You should really read Jobs’ essay in its entirety, but here’s one other passage from it that’s worth highlighting (this one immediately precedes the one I quote below):
The second alternative is for Apple to license its FairPlay DRM technology to current and future competitors with the goal of achieving interoperability between different company’s players and music stores. On the surface, this seems like a good idea since it might offer customers increased choice now and in the future. And Apple might benefit by charging a small licensing fee for its FairPlay DRM. However, when we look a bit deeper, problems begin to emerge. The most serious problem is that licensing a DRM involves disclosing some of its secrets to many people in many companies, and history tells us that inevitably these secrets will leak. The Internet has made such leaks far more damaging, since a single leak can be spread worldwide in less than a minute. Such leaks can rapidly result in software programs available as free downloads on the Internet which will disable the DRM protection so that formerly protected songs can be played on unauthorized players.
An equally serious problem is how to quickly repair the damage caused by such a leak. A successful repair will likely involve enhancing the music store software, the music jukebox software, and the software in the players with new secrets, then transferring this updated software into the tens (or hundreds) of millions of Macs, Windows PCs and players already in use. This must all be done quickly and in a very coordinated way. Such an undertaking is very difficult when just one company controls all of the pieces. It is near impossible if multiple companies control separate pieces of the puzzle, and all of them must quickly act in concert to repair the damage from a leak.
Apple has concluded that if it licenses FairPlay to others, it can no longer guarantee to protect the music it licenses from the big four music companies. Perhaps this same conclusion contributed to Microsoft’s recent decision to switch their emphasis from an “open” model of licensing their DRM to others to a “closed” model of offering a proprietary music store, proprietary jukebox software and proprietary players.
This echoes a point I’ve made before: there is no such thing as an open DRM standard. By definition, an open standard is available for anyone to look at. And by its nature, DRM requires that at least some details of a DRM standard be secret, which means that it cannot be open. “Open DRM” is simply a contradiction in terms.
Wow.
Steve Jobs just posted an essay on DRM on Apple’s website. I started reading it expecting to hate it, until I got to this:
The third alternative is to abolish DRMs entirely.
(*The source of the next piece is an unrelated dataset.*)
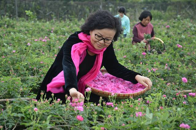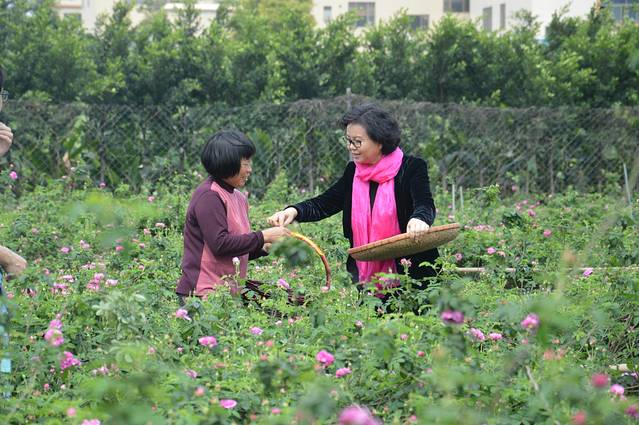 中山市领导采摘荼薇花.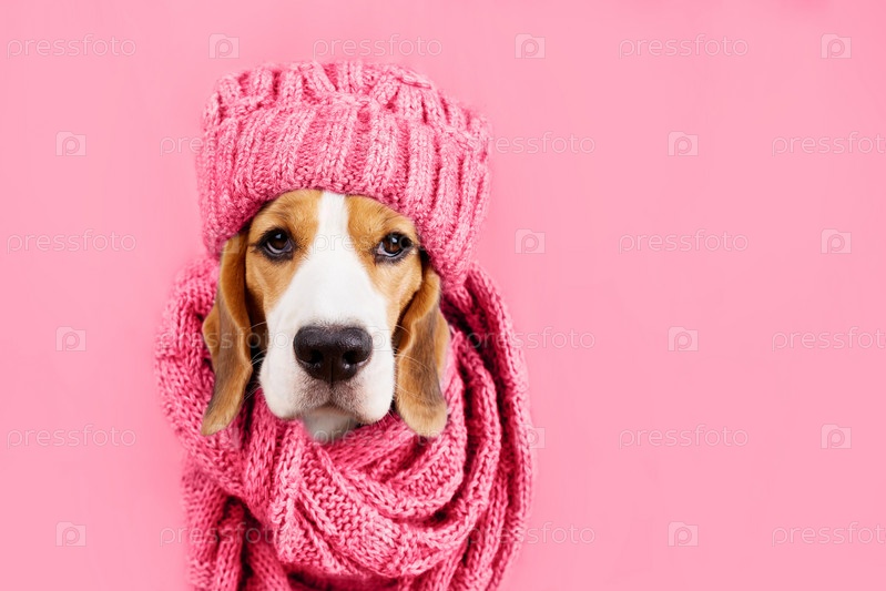 Собака-бигль в вязаном розовом шарфе или снуде и шапке

Imagine a world where every online store sells DRM-free music encoded in open licensable formats. In such a world, any player can play music purchased from any store, and any store can sell music which is playable on all players. This is clearly the best alternative for consumers, and Apple would embrace it in a heartbeat. If the big four music companies would license Apple their music without the requirement that it be protected with a DRM, we would switch to selling only DRM-free music on our iTunes store. Every iPod ever made will play this DRM-free music.
Why would the big four music companies agree to let Apple and others distribute their music without using DRM systems to protect it? The simplest answer is because DRMs haven’t worked, and may never work, to halt music piracy. Though the big four music companies require that all their music sold online be protected with DRMs, these same music companies continue to sell billions of CDs a year which contain completely unprotected music. That’s right! No DRM system was ever developed for the CD, so all the music distributed on CDs can be easily uploaded to the Internet, then (illegally) downloaded and played on any computer or player.